Both these portable cages in the form of street carts and the bicycle wheels that hang like wreaths of flowers are objects of movement, even if they stand still. They are now suspended between the mental space of their potential movement and the time of walking around the installation. Static sculptural art and performative movement. Marching and stopping. “Images of my bread” is an erect configuration pregnant with tensions: between lost past/used objects and something that is happening at this very moment, or that could happen at any moment. Portable memories where the body engages in participatory and affective relationships that nurture life stories as (author)portraits. This presentation of self before others can be considered a form of drag, a kind of practice that Herrera already tried in his work “Tonto huérfano” (2015-2016) -made in collaboration with Flavia Da Rin- by turning himself into a deconstructed evocation of the clowns created by the painter Enrique de Larrañaga. Drag is not conceived so much as a practice of crossing female/male genders but as an act of dragging into the present old-fashioned accessories or past attributes to cover the body.

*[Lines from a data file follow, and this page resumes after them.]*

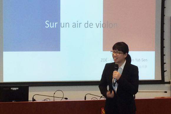On March 19, 2016, the 7th Pearl River Delta Inter-university French Speech Competition was held in the University of Hong Kong (HKU). Two students from Sun Yat-sen University (SYSU), Chen Yanyu from Department of French, School of Foreign Languages and Huang Jingya from Sino-French Institute of Nuclear Engineering and Technology were awarded first and second runner-ups respectively.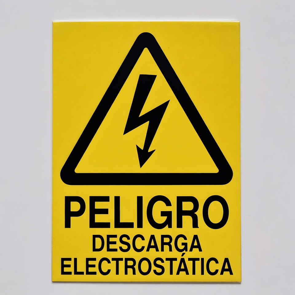 A yellow triangular warning sign with a black lightning bolt symbol pointing downward. Bold black text reads 'PELIGRO DESCARGA ELECTROSTÃTICA' warning of electrostatic discharge hazard. The sign is displayed against a plain white background.
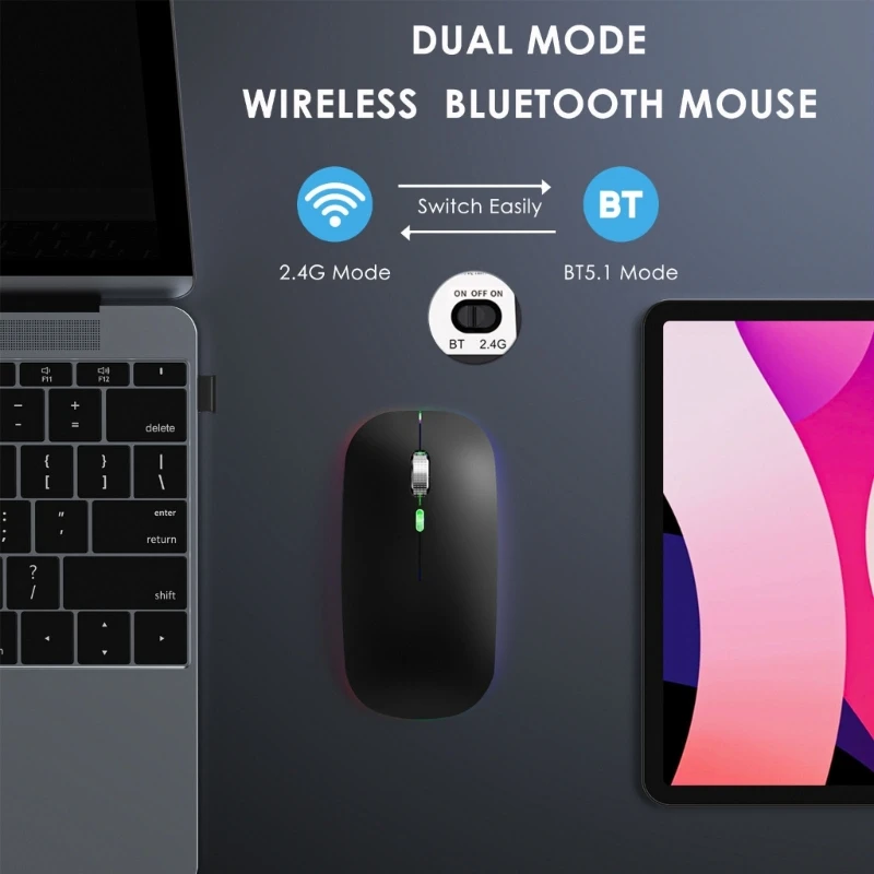 Comprar BT5.1 + 2.4Ghz Ratón inalámbrico de modo dual 5 teclas 1600DPI Ajustable Mause y Jiggler Dropship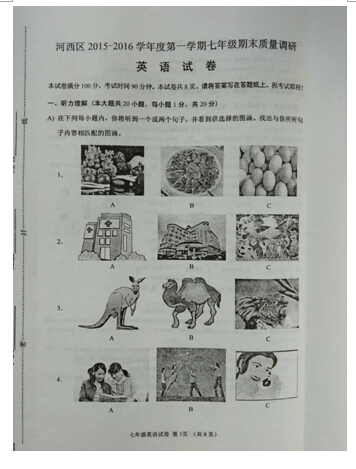 2016期末考试已经陆续结束,新东方在线中考网整理了《2016天津河西区初一上学期英语期末试题及答案》,供同学们参考。2016天津河西区初一上学期英语期末试题及答案 更多2016中考资料...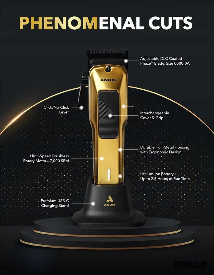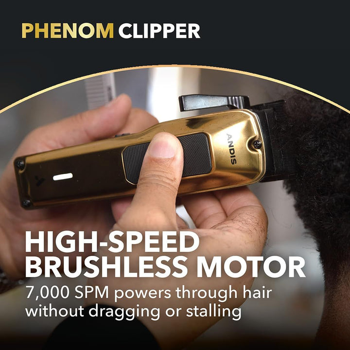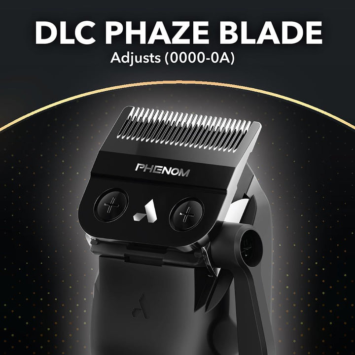 The Phenom Clipper lives up to its namesake with every cut you make. Featuring a new brushless rotary motor, this clipper delivers high-speed power for precision work at 7,000 SPM. Express true personalization with special interchangeable all-metal cover and textured grip colorways for four different combinations. Further customize your clipper by modifying the lever arm from a click- to no-click cut length adjustment. Create phenomenal blends, tapers and fades with the adjustable DLC Phaze blade (size 0000-0A) and enjoy ultimate cut length versatility when paired with included double-magnet attachment combs. Charge up effortlessly with the universal USB-C charging adapter or easy-release premium stand whenever, wherever.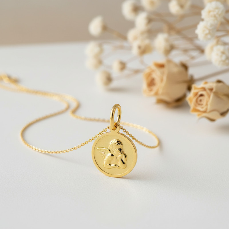 Ce modèle est pourvu d'une bélière de 6,60 mm de longueur au travers de laquelle vous pourrez faire passer la chaîne de votre choix. Nous vous recommandons les chaînes dorées de notre site internet pour une uniformité parfaite. Il est préférable de choisir celle dont le poids est supérieur à celui de la médaille pour éviter la casse.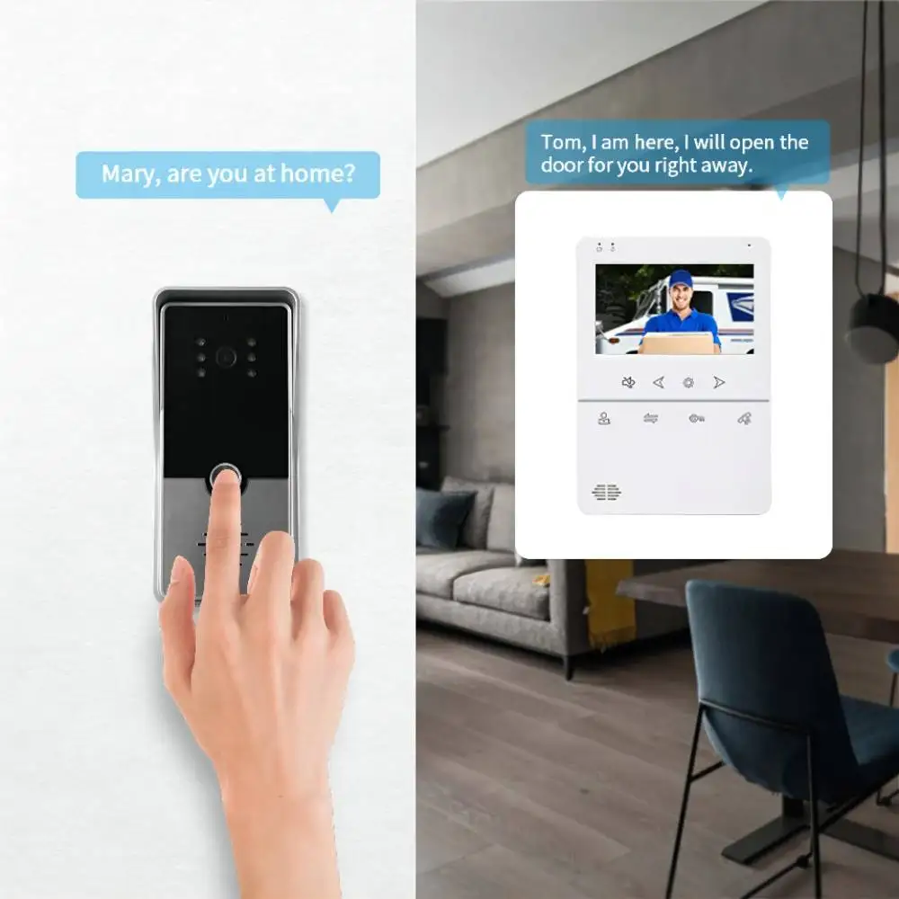 С joytimer 4,3 "проводного видеодомофона Системы, житель может сделать двухстороннюю Hands-Free Conmunication с посетитель, разблокировка дверного замка от крытый монитор.

Collecting and mixing fragments from the interstices of his childhood in the countryside -as if they were objects rescued from the suburban floods of his hometown- implies an affective record that rubs up against objects, finding pasts and speculating futures. Herrera practices a mentalism of objects linked to the particular places and modes of an affective history. Drawing on the paintings of Giorgio de Chirico, he retrospectively fabricates in idiosyncratic assemblages – or forms of deviating through disproportionate and unnatural sizes – the homoerotic passages and adobe shelters of his childhood on the farm. These residual assemblages suggest -from the delayed temporality of installation and sculpture- an intimate reading of the self. Herrera is not landscaping the countryside. He is producing an erotohistoriography of himself and his surroundings. Reimagining the past transforms the present. To desocialize oneself from the here and now, by using objects as energetic conductors of erased or unfinished pasts, is a way of resocializing, that is, of creating new magnetic forces in the social field.